Spent most of today trying to remove some of the bottleneck from 'DOT' rendering. While previously it ok for a few points here and there, but would simply choke when trying to draw a full screen of dots.   This is not acceptable!

It turns out that a hell of a lot of time was lost in clipping overhead, so after a little tinkering. hey presto it's now able to draw 800*600 dots in about 400ms. Still not amazing, but that's about 10 times faster than it was previously for number of pixels.

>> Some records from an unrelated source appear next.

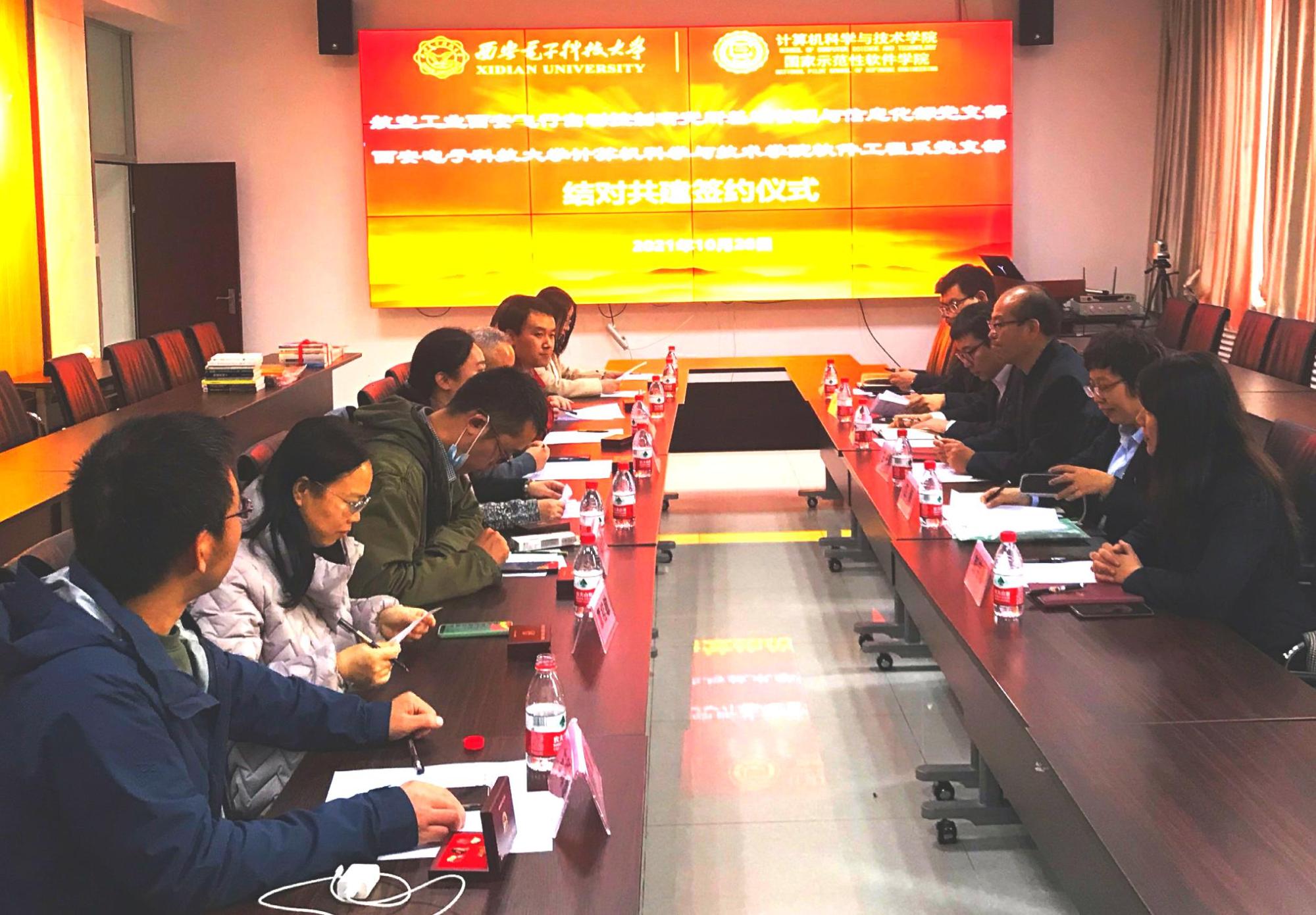 (通讯员 覃桂敏)为进一步深化党史学习教育,落实“我为师生办实事“相关要求,为教师搭建对外交流协作平台,nba篮球竞彩购买平台软件工程系党支部和航空工业西安飞行自动控制研究所基础管理与信息化部党支部于2021年10月28日举行了党支部结对共建启动仪式。航空工业西安飞行自动控制研究所党委书记王东辉携基础管理与信息化党支部党员代表来院参会。软件工程系党支部联系指导的党委委员、计科院党委书记李青山、软件工程系党支部支委与党员代表参加了本次活动,软件工程系党支部书记褚华主持了启动仪式。
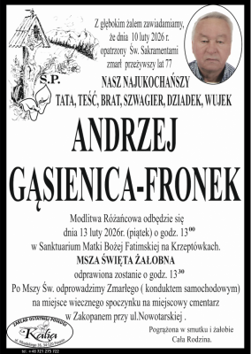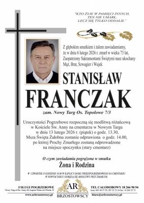 Podhale24.pl zastrzega sobie prawo do nie publikowania wspomnień, w szczególności tych nie związanych z profilem działu nekrologi, zawierających wulgaryzmy, wzywających do zachowań niezgodnych z prawem, obrażających osoby publiczne i prywatne, obrażających inne narodowości, rasy, religie itd, oraz te, bez możliwości telefonicznej lub mailowej weryfikacji ich autora.
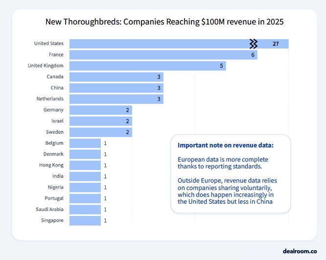Europe looks fragmented country by country. But if you sum Europe, you get roughly 21 new $100M-revenue companies which puts Europe much closer to the US than the chart suggests at first glance. The US creates revenue winners at scale in fewer companies whereas Europe creates them across many countries, sectors, and markets, with smaller individual outcomes but a similar aggregate.

One of the issues is that DOT is basically a safe render, that mean it's it supports clipping, and handles the destination buffer for you and the various draw modes.

So obviously we can gain a little more back but removing it's safeness and letting the user lock/unlock the buffers and handle clipping. Which gives us FastDOT

FastDot on my machine is about 2.5 times faster than DotC.  You can render a full screen of pixels 800*600 in 150 milliseconds on my duron 800mhzz.   That's about a 5/6fps for a pixel by pixel screen fill (code bellow).  Still not staggering, but a very healthy improvement.


Code for PlayBASIC V1.13


PlayBASIC Code: [Select]
w=getscreenwidth()
h=getscreenheight()
rendertoscreen


; Render the full Screen Using DOTC and record how long it takes
tim1=timer()
lockbuffer
For ypoint=0 To h
For xpoint=0 To w
dotc xpoint,ypoint,rgb(255,0,0)
Next
Next
unlockbuffer
tim1=timer()-tim1

c=rndrgb()
sync
waitkey


basec=rgb(255,0,255)
Do
cls 0

tim2=timer()
c=basec
lockbuffer
For ypoint=0 To h-1
For xpoint=0 To w-1
fastdot xpoint,ypoint,c
Next
c=c+xpoint+1
Next
unlockbuffer
tim2=timer()-tim2

; show the time of DOTC and FASTDOT
print tim1
print tim2
sync
loop






UPDATE NOTES: (14th Nov 2022)

        -Read PlayBASIC Help Files about FAST DOT 2
        -Read PlayBASIC Help Files about FAST DOT 3
        -Read PlayBASIC Help Files about FAST DOT 4


Draco9898

Very nice, getting these full scale pixel based rendering functions working fast seems like a pain in the tailhole :)
DualCore Intel Core 2 processor @ 2.3 ghz, Geforce 8600 GT (latest forceware drivers), 2 gigs of ram, WIN XP home edition sp2, FireFox 2.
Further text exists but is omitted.